But the point of production isn’t the only site of compelled labour. Socially reproductive labour is compelled, too. While there isn’t a line manager or foreman (although too often there is a patriarch at home), there is a colossal ideological machine that uses everything from social norms and expectations, punishments for transgressions, and spatial and architectural design to police, coerce, and gender our socially reproductive labour.
Gender - that is, the diktats that structure our socially reproductive labour - is alienated labour under capitalism: trapping and ensnaring how we relate to ourselves, and each other. Marx’s theory of alienation, expanded into the sphere of social reproduction, is a spirited case for freedom, for subjectivity: it is a polemic against the grip capitalist collectivity has over the classed and gendered individual.
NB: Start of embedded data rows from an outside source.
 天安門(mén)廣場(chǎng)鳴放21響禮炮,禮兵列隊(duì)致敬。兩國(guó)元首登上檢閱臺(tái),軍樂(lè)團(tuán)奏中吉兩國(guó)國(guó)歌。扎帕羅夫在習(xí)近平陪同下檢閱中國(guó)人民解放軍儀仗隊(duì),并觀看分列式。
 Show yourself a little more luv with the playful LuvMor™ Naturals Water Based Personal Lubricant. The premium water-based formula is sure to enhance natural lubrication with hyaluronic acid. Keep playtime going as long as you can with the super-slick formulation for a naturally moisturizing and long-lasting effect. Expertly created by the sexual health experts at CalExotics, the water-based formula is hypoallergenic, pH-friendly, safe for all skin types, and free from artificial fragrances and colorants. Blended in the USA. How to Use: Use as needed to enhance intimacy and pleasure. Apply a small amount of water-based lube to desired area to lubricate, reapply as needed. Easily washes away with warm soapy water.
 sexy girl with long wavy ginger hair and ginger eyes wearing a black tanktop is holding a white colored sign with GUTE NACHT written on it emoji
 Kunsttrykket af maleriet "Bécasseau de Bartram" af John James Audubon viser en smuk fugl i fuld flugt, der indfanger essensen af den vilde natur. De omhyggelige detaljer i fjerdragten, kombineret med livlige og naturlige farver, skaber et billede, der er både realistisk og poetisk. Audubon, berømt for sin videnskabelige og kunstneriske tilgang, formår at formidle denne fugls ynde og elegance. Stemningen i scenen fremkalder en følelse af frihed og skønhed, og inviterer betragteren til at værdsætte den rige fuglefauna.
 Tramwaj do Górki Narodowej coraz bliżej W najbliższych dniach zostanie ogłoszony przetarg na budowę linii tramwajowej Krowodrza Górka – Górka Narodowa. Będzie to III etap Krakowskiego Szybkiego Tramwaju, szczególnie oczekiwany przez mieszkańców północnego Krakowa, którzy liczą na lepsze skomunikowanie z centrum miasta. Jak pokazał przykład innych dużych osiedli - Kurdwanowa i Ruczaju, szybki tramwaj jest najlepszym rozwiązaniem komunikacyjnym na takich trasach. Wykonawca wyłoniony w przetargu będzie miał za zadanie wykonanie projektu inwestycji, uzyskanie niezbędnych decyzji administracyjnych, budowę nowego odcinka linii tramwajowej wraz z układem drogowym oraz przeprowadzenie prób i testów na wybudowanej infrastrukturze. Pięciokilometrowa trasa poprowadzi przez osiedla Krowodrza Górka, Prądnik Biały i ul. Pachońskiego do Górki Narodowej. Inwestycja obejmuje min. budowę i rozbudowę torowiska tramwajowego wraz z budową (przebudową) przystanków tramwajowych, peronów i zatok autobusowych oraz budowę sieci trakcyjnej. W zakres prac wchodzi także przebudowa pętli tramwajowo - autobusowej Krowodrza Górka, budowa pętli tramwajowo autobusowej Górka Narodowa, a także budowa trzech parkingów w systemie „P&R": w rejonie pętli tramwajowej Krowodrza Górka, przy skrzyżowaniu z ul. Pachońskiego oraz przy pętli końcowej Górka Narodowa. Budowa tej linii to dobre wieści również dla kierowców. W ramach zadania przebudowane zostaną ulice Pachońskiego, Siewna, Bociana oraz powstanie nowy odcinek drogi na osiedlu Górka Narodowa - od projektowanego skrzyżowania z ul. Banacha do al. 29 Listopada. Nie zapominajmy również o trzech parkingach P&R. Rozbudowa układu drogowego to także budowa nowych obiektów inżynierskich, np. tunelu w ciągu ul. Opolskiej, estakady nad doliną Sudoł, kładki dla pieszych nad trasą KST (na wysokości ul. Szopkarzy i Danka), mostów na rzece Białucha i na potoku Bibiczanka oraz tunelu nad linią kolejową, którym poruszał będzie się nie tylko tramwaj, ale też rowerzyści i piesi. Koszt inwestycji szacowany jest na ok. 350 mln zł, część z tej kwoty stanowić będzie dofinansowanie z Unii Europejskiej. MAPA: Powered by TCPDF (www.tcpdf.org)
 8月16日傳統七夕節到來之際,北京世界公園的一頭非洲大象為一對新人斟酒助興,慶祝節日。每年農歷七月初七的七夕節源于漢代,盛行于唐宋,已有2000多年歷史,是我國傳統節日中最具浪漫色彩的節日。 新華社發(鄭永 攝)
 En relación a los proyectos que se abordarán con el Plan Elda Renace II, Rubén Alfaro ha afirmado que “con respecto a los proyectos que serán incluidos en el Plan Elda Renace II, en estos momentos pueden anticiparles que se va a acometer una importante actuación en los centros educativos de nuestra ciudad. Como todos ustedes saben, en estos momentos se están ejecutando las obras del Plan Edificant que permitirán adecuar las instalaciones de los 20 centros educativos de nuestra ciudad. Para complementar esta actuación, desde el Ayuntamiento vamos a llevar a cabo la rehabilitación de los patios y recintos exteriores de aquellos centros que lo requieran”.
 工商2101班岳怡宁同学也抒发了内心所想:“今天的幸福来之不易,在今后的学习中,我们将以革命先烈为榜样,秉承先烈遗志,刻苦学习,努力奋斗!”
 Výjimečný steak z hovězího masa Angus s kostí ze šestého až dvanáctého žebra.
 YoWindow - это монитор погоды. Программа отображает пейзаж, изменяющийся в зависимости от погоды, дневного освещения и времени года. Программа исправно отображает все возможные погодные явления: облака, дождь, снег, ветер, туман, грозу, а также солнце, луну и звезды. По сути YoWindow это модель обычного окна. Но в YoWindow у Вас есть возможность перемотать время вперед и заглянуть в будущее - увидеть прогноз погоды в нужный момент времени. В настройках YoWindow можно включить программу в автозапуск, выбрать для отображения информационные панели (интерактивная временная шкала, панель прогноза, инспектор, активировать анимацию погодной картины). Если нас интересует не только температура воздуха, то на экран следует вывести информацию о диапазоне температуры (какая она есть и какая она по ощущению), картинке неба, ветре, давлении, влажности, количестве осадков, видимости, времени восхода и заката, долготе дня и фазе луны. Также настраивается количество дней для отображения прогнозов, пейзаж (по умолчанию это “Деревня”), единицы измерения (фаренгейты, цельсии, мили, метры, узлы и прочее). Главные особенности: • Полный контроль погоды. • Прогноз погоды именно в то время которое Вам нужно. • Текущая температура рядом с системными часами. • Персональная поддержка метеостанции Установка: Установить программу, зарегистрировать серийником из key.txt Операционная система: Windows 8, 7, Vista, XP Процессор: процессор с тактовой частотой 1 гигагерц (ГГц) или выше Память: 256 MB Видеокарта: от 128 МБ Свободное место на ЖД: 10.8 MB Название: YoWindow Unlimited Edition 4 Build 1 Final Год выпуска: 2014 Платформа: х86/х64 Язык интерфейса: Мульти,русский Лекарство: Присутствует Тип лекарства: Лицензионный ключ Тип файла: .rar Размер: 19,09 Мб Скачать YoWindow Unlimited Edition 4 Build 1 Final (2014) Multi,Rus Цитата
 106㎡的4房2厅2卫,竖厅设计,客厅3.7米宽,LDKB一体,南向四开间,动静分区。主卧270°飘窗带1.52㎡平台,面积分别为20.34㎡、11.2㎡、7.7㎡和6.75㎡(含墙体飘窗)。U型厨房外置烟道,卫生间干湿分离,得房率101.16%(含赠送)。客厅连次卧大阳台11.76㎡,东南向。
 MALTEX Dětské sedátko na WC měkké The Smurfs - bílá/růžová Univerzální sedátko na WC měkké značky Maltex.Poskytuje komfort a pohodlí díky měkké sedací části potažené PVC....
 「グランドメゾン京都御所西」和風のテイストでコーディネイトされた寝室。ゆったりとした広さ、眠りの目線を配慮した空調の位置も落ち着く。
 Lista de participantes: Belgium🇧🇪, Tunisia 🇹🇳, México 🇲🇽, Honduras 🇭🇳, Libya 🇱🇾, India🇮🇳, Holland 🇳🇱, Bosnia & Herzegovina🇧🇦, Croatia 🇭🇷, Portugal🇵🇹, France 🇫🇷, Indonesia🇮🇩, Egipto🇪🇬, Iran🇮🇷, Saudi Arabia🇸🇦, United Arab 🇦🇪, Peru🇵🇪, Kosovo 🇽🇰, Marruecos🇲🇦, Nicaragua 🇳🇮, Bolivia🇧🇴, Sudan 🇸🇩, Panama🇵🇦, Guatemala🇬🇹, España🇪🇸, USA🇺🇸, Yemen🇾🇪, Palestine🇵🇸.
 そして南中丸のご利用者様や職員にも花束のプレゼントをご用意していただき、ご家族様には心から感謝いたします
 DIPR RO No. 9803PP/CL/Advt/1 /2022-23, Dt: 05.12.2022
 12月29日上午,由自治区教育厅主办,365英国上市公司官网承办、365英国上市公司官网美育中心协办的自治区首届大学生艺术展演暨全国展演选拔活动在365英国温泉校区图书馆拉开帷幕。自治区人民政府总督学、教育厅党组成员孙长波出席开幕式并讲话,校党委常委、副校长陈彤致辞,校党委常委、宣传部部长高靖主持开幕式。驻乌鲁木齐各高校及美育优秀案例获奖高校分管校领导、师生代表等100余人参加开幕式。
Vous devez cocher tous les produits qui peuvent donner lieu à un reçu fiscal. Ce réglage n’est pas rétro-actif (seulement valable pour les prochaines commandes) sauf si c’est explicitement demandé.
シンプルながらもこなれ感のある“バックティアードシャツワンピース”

The fight against women’s oppression is the fight for trans liberation. Both movements are fundamentally invested in resisting the violent sorting of human beings into rigid categories. These are not parallel - or worse, conflicting - struggles: they are one and the same. Any Marxist who opposes exploitation and alienation but turns their back on gender rebels - those who refuse to labour according to capitalism’s script - needs to go back to basics. And fast, as the world crumbles beneath us. To stand with the working class, all the working class, means standing with the undesired and maligned: those who refuse to be productive and obedient. Anything less is complicity. Anything less certainly isn’t Marxism.